* TASK DESCRIPTION *
Repeat the data exactly. Pictures are not part of the copy.

::: DATA BLOCK :::

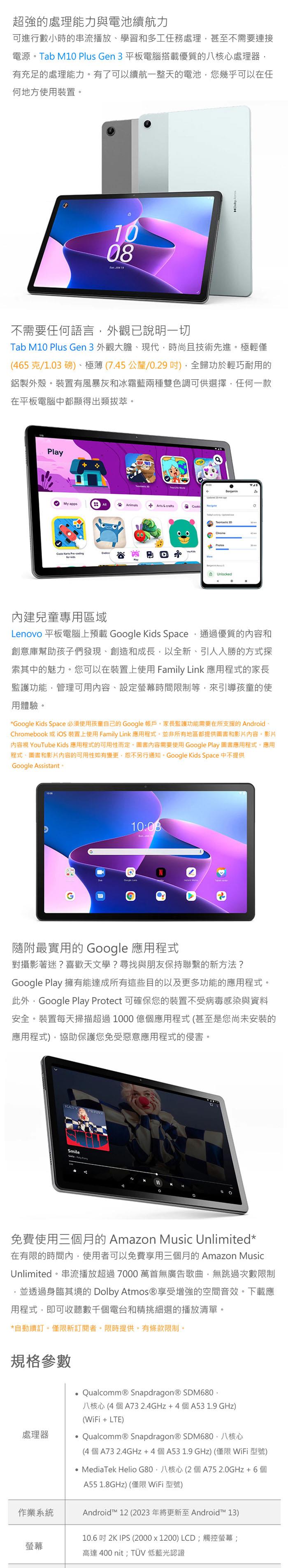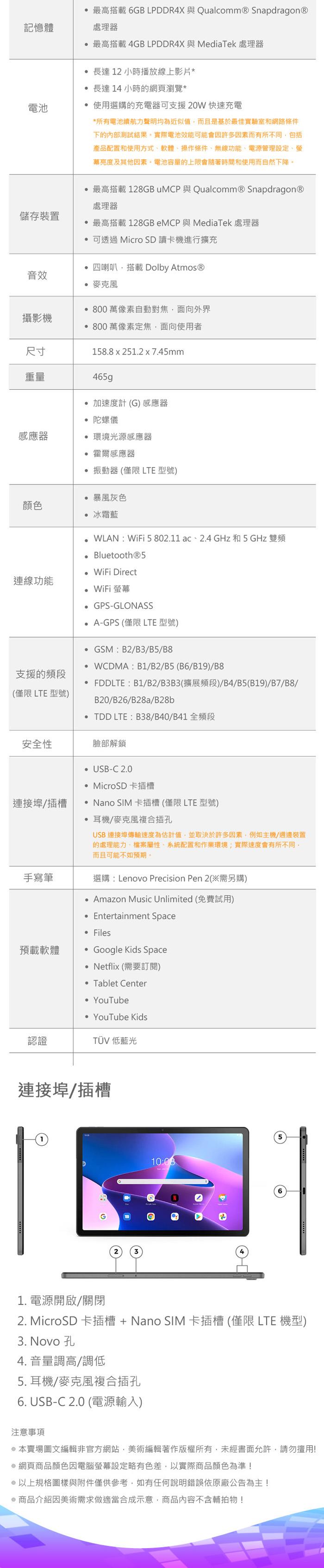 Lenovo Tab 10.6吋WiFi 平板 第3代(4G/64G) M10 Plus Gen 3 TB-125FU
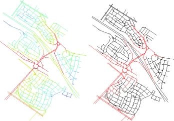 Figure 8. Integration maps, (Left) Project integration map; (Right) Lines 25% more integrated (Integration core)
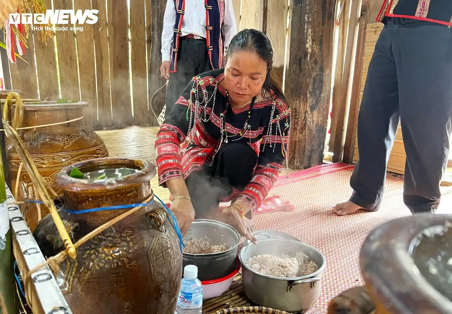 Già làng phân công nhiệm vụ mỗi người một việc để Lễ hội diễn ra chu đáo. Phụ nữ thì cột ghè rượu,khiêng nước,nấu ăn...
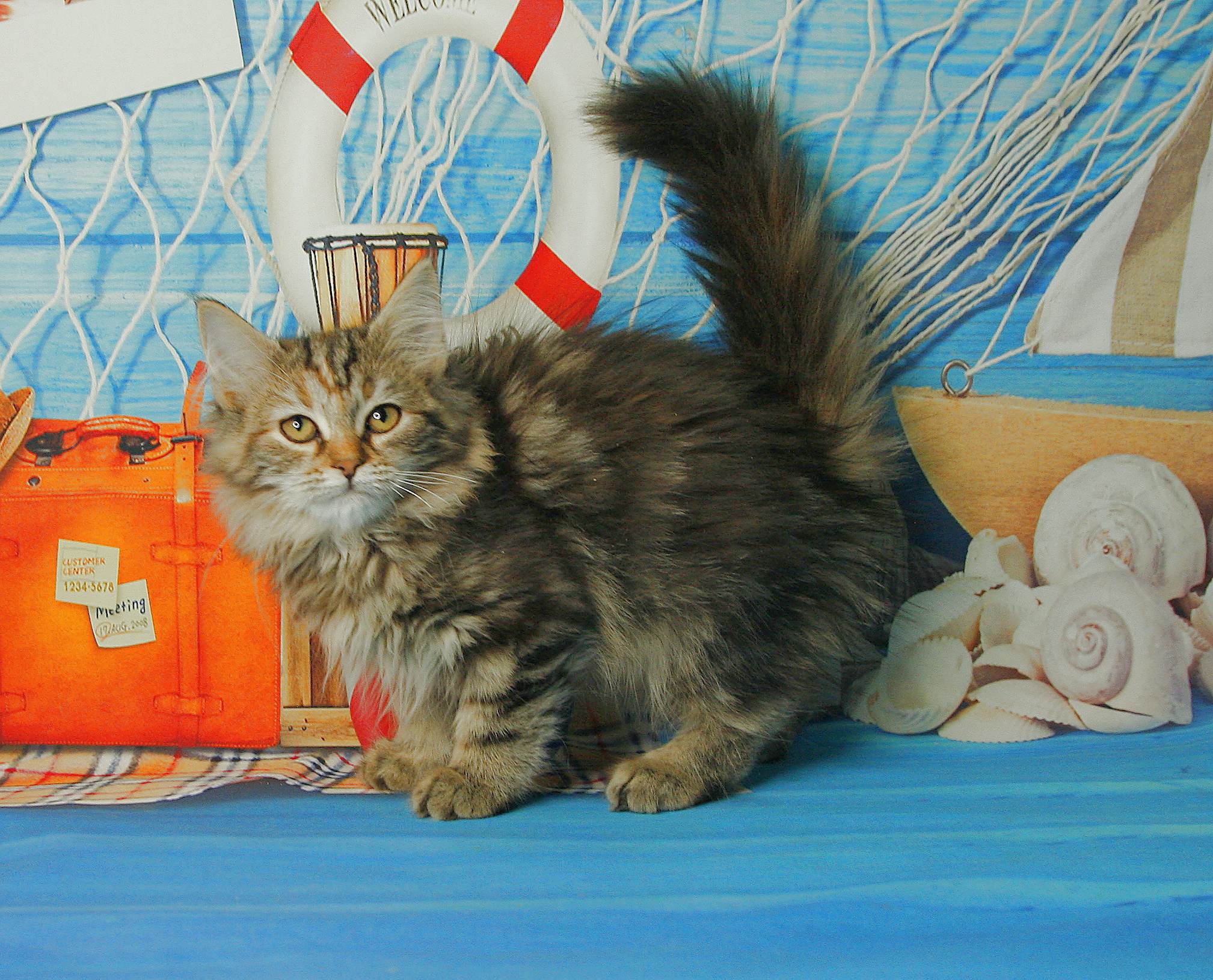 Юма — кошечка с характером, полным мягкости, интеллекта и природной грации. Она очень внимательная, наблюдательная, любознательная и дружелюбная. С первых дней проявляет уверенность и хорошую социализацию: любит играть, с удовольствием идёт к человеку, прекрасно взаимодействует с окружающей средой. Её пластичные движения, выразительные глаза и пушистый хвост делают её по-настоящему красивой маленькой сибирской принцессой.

:::

* OUTPUT FOR THIS EXERCISE *
 Lenovo Tab 10.6吋WiFi 平板 第3代(4G/64G) M10 Plus Gen 3 TB-125FU
 Figure 8. Integration maps, (Left) Project integration map; (Right) Lines 25% more integrated (Integration core)
 Già làng phân công nhiệm vụ mỗi người một việc để Lễ hội diễn ra chu đáo. Phụ nữ thì cột ghè rượu,khiêng nước,nấu ăn...
 Юма — кошечка с характером, полным мягкости, интеллекта и природной грации. Она очень внимательная, наблюдательная, любознательная и дружелюбная. С первых дней проявляет уверенность и хорошую социализацию: любит играть, с удовольствием идёт к человеку, прекрасно взаимодействует с окружающей средой. Её пластичные движения, выразительные глаза и пушистый хвост делают её по-настоящему красивой маленькой сибирской принцессой.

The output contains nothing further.